------ Supplied entries

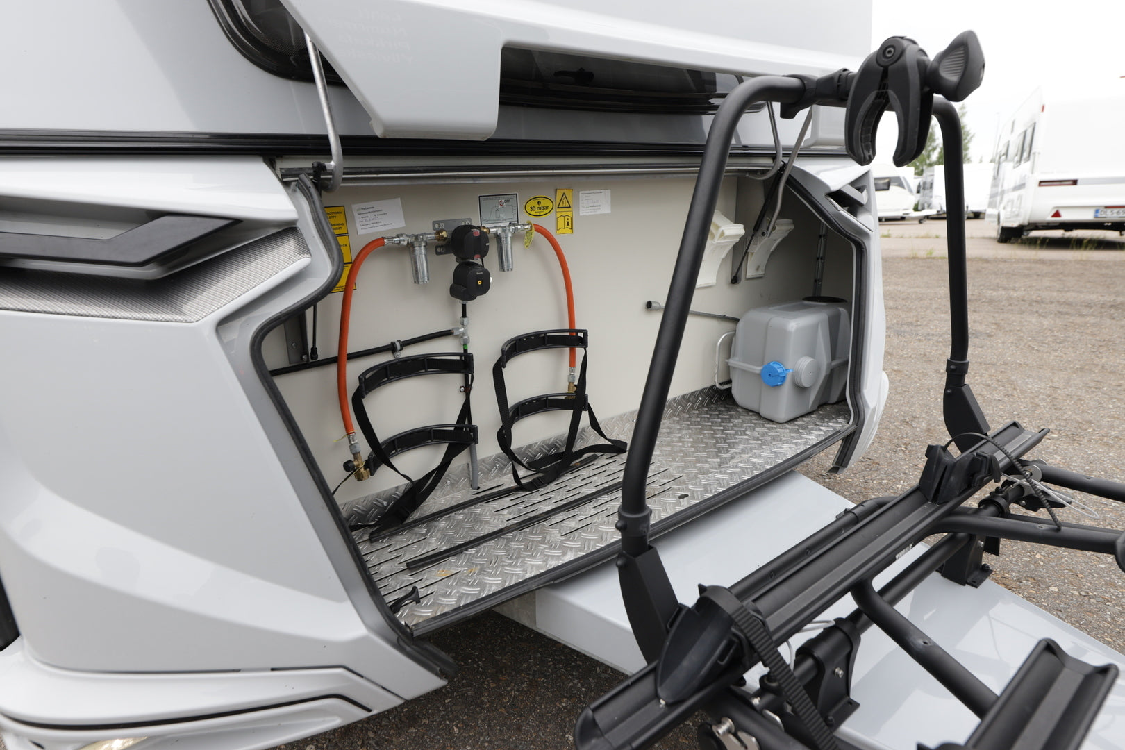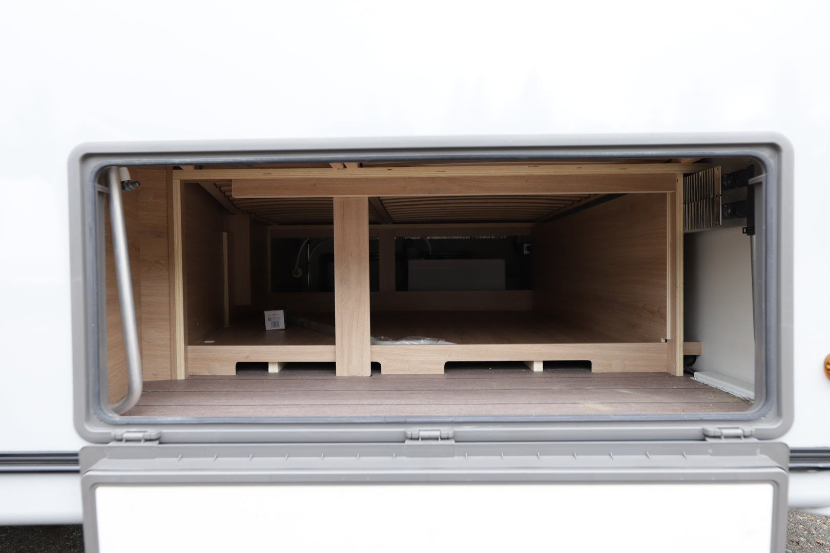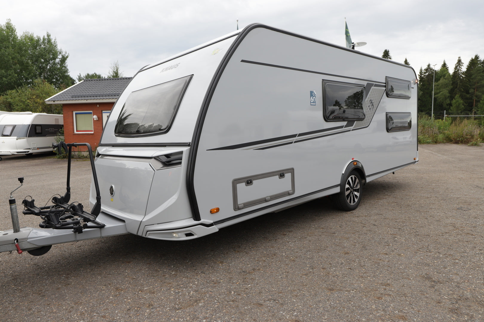 Ulkoiluun ja retkeilyyn suunnatut varusteet, kuten markiisi, pyöräteline ja kaasun ulosotto, tekevät vaunusta mainion tukikohdan kaikenlaiseen lomailuun. Alumiinivanteet, tukijalat ja mattosarja viimeistelevät ulkoasun ja käyttömukavuuden.
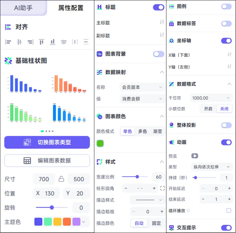其他的都是一些动画、标题、图表、样式等等的修改,几乎图表中你能看到的各项元素,它都支持修改,甚至连一些细节参数也能调整。
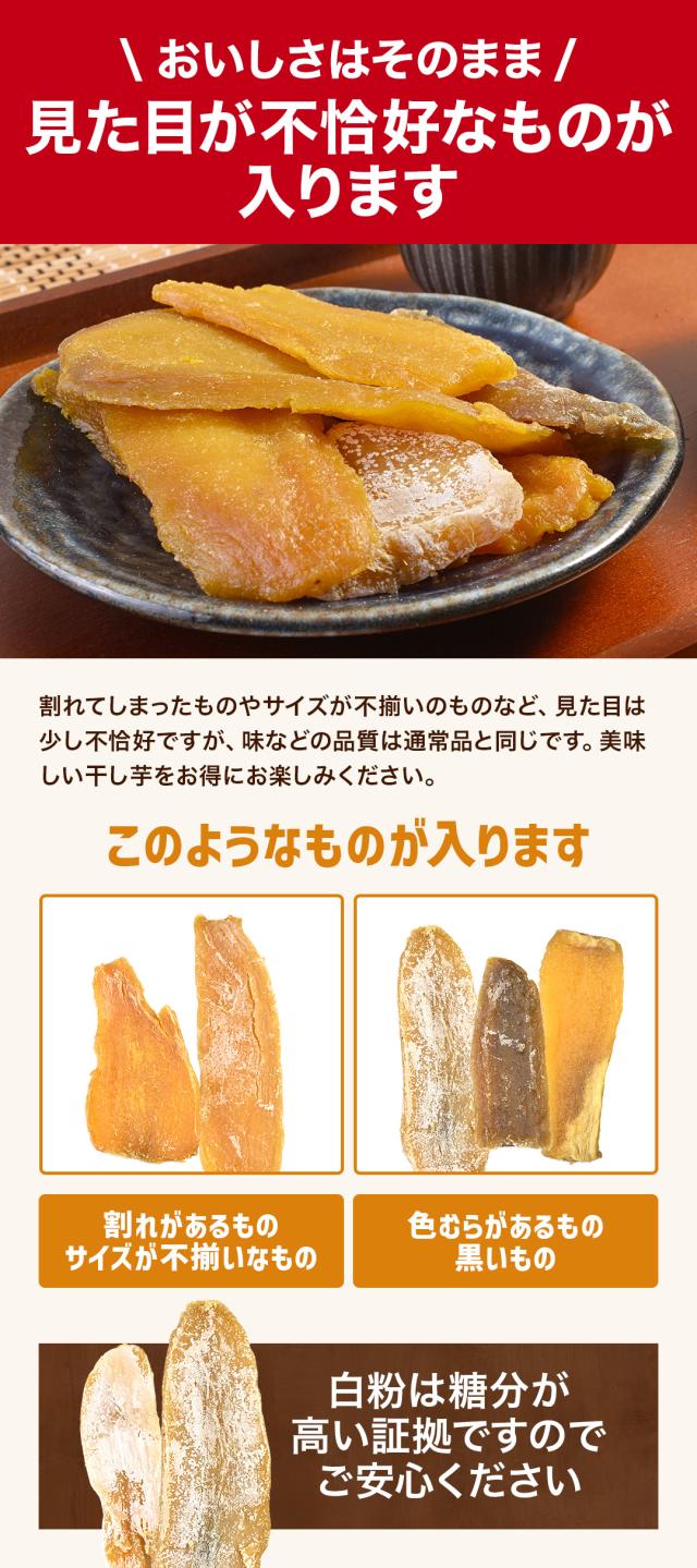 当店大注目の一品!!自然の甘さが広がる訳あり干し芋です。こちらの商品は、【形・大きさが不揃い】【色むらがある】【味や色・硬さが異なる】ものが含まれます。伝統的な製法で作られた真心のこもった干し芋です。訳ありであることを感じさせない味わい。一度はお手に取っていただきたい商品です。
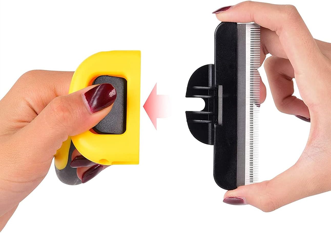 Stainless steel deShedding edge with safe blade cover reaches through topcoat to safely and easily remove loose hair and undercoat, prevent matted hair and tangles, this Quick hair remover shedding brush is better than any defur brush, rake or curry comb.
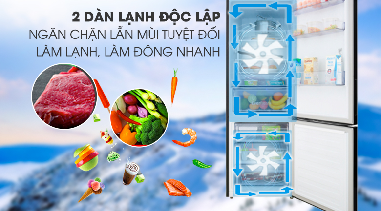 Công nghệ NeoFrost hai dàn lạnh độc lập được trang bị trên tủ lạnh 2 cửa này sẽ giúp cho thực phẩm được giữ tươi lâu hơn và không bị lẫn mùi vào nhau trong suốt quá trình bảo quản. Vì công nghệ này có khả năng làm lạnh nhanh và duy trì nhiệt độ ổn định tại mỗi ngăn tủ.
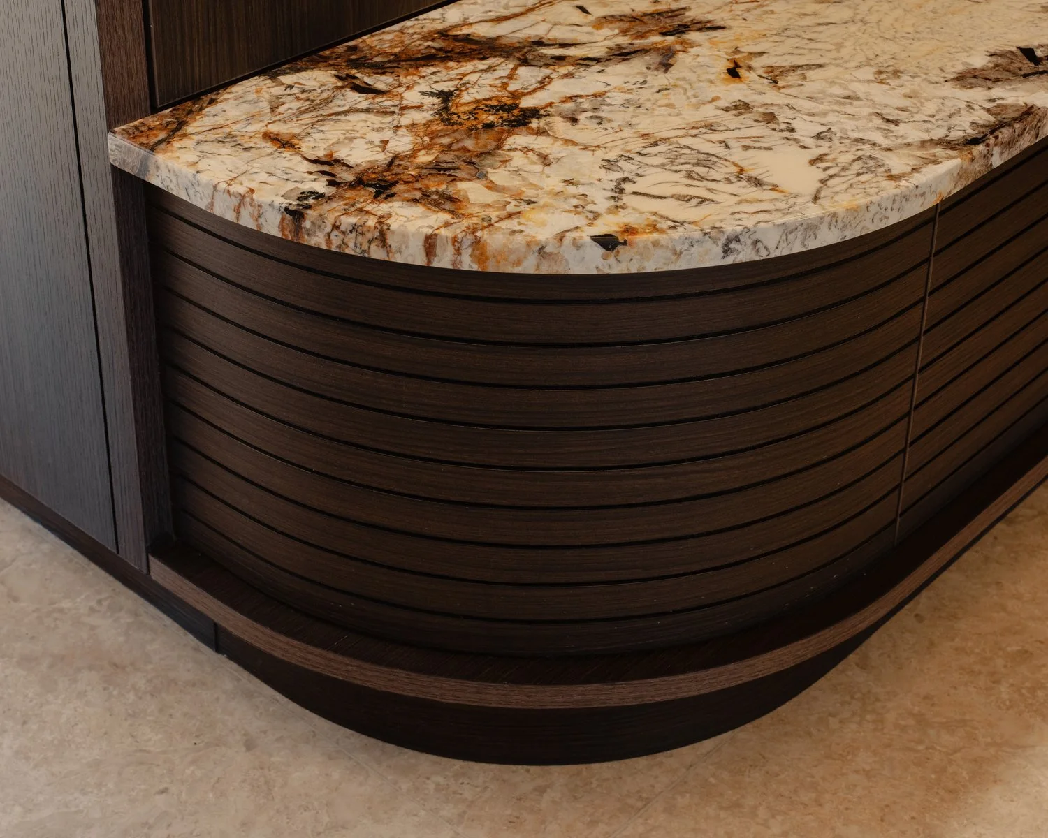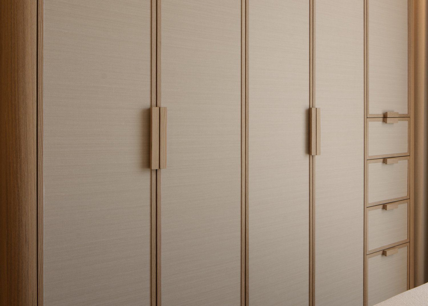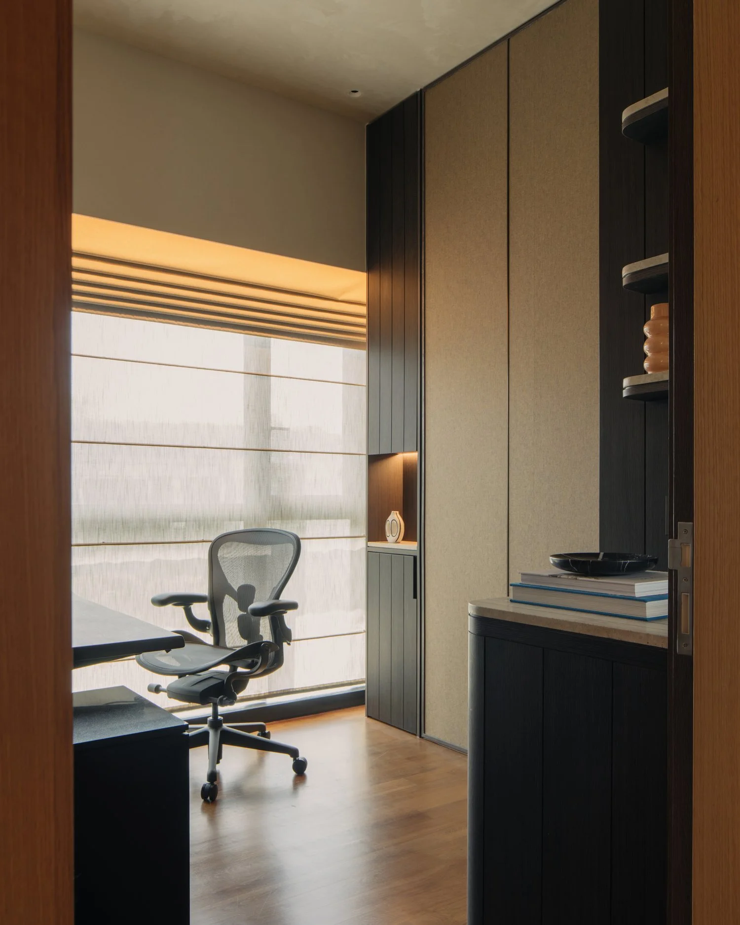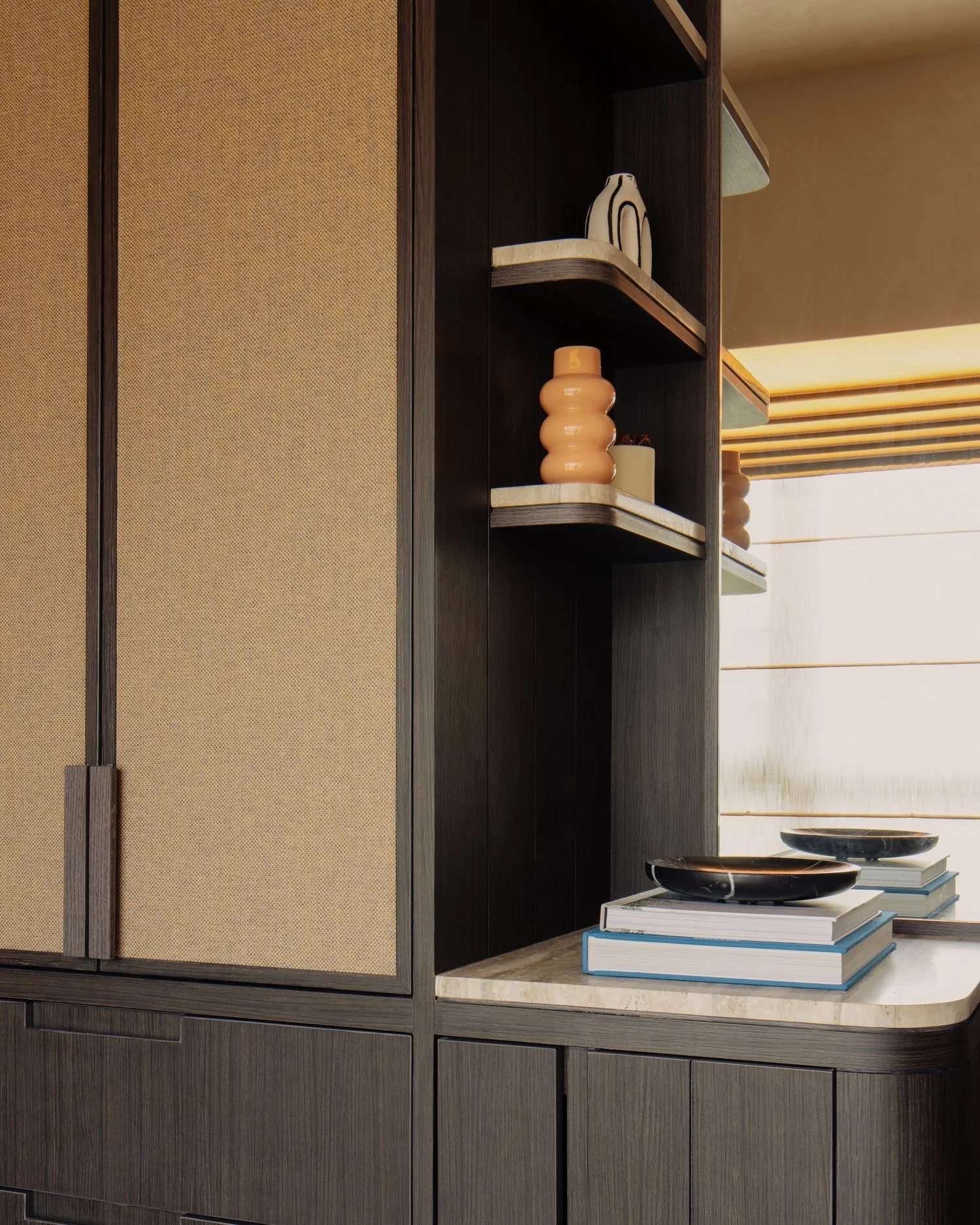 The interior takes cues from vernacular resorts in Bali, translated through natural textures and a softened palette. The design establishes contrast with the new build while complementing its architecture — a dialogue between crafted warmth and contemporary form.

------------

Apart from the images, every line above needs to be printed again exactly.

 Ulkoiluun ja retkeilyyn suunnatut varusteet, kuten markiisi, pyöräteline ja kaasun ulosotto, tekevät vaunusta mainion tukikohdan kaikenlaiseen lomailuun. Alumiinivanteet, tukijalat ja mattosarja viimeistelevät ulkoasun ja käyttömukavuuden.
其他的都是一些动画、标题、图表、样式等等的修改,几乎图表中你能看到的各项元素,它都支持修改,甚至连一些细节参数也能调整。
 当店大注目の一品!!自然の甘さが広がる訳あり干し芋です。こちらの商品は、【形・大きさが不揃い】【色むらがある】【味や色・硬さが異なる】ものが含まれます。伝統的な製法で作られた真心のこもった干し芋です。訳ありであることを感じさせない味わい。一度はお手に取っていただきたい商品です。
 Stainless steel deShedding edge with safe blade cover reaches through topcoat to safely and easily remove loose hair and undercoat, prevent matted hair and tangles, this Quick hair remover shedding brush is better than any defur brush, rake or curry comb.
 Công nghệ NeoFrost hai dàn lạnh độc lập được trang bị trên tủ lạnh 2 cửa này sẽ giúp cho thực phẩm được giữ tươi lâu hơn và không bị lẫn mùi vào nhau trong suốt quá trình bảo quản. Vì công nghệ này có khả năng làm lạnh nhanh và duy trì nhiệt độ ổn định tại mỗi ngăn tủ.
 The interior takes cues from vernacular resorts in Bali, translated through natural textures and a softened palette. The design establishes contrast with the new build while complementing its architecture — a dialogue between crafted warmth and contemporary form.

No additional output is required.